AVAILABLE DATA:
+ + +
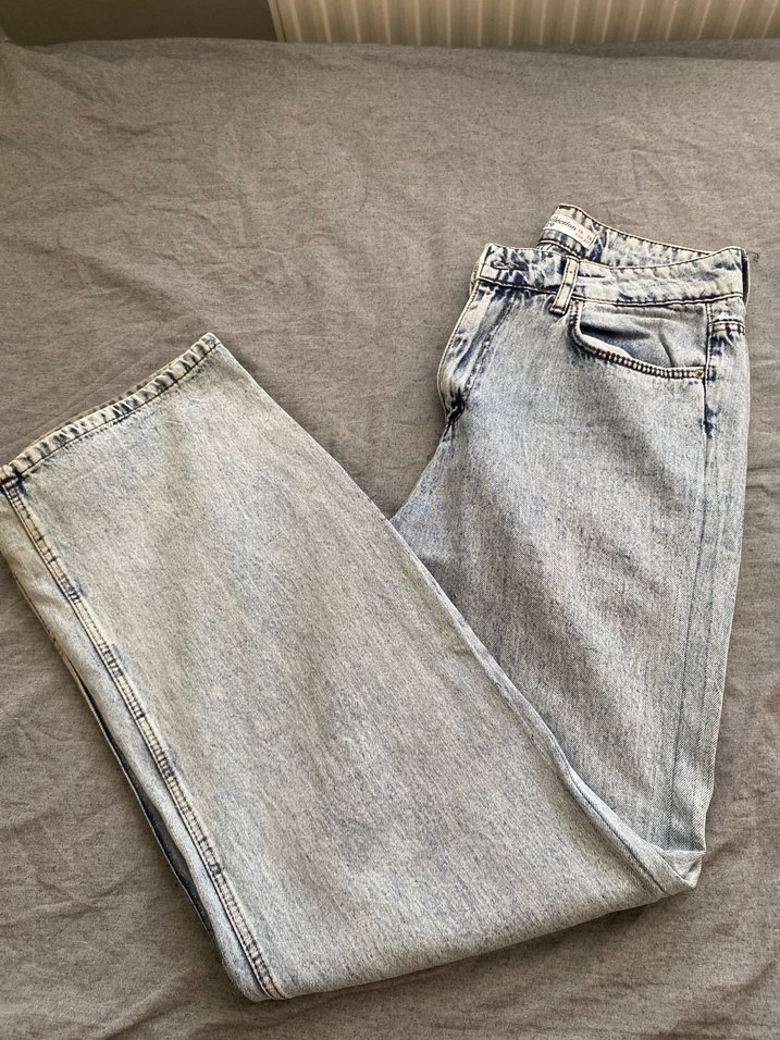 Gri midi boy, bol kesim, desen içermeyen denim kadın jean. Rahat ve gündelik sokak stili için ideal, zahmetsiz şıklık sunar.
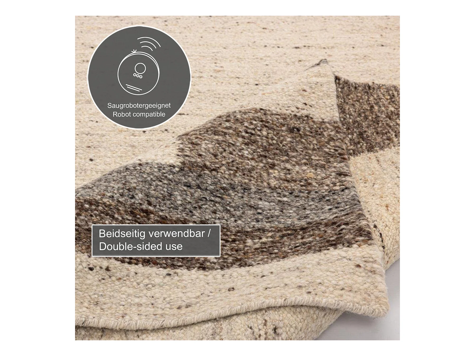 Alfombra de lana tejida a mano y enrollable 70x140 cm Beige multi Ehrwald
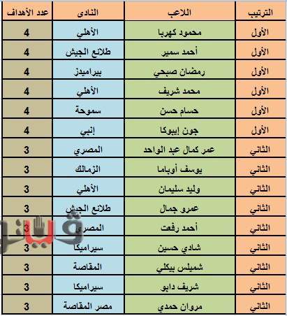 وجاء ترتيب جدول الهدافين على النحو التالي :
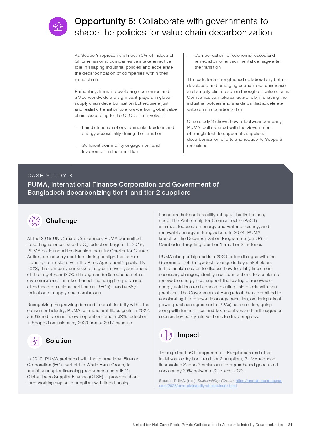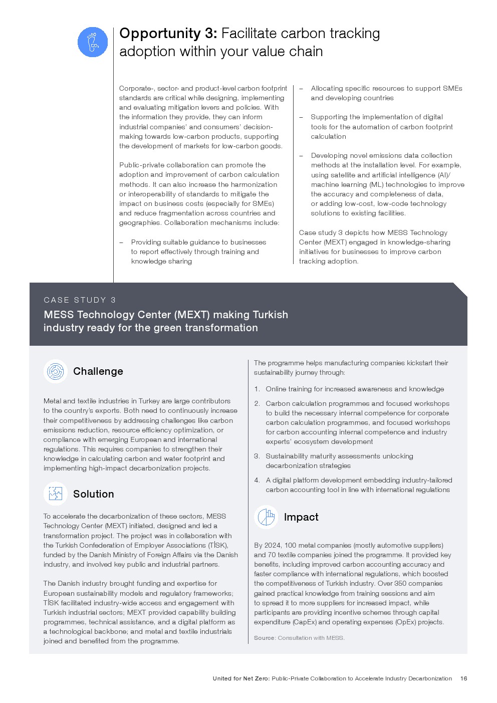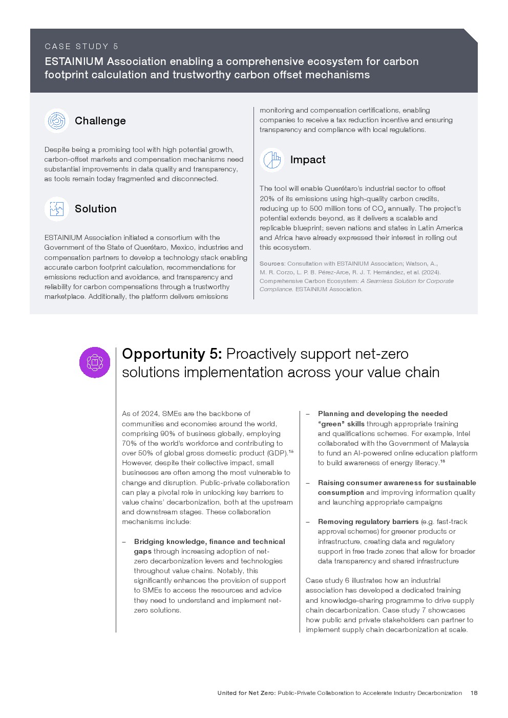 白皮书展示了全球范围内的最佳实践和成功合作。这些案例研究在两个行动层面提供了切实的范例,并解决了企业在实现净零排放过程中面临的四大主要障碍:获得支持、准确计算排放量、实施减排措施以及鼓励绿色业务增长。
+ + +
EXERCISE DIRECTIONS: The whole listing above needs to be copied exactly; please keep the pictures out.

WRITTEN RESPONSE:
 Gri midi boy, bol kesim, desen içermeyen denim kadın jean. Rahat ve gündelik sokak stili için ideal, zahmetsiz şıklık sunar.
 Alfombra de lana tejida a mano y enrollable 70x140 cm Beige multi Ehrwald
 وجاء ترتيب جدول الهدافين على النحو التالي :
 白皮书展示了全球范围内的最佳实践和成功合作。这些案例研究在两个行动层面提供了切实的范例,并解决了企业在实现净零排放过程中面临的四大主要障碍:获得支持、准确计算排放量、实施减排措施以及鼓励绿色业务增长。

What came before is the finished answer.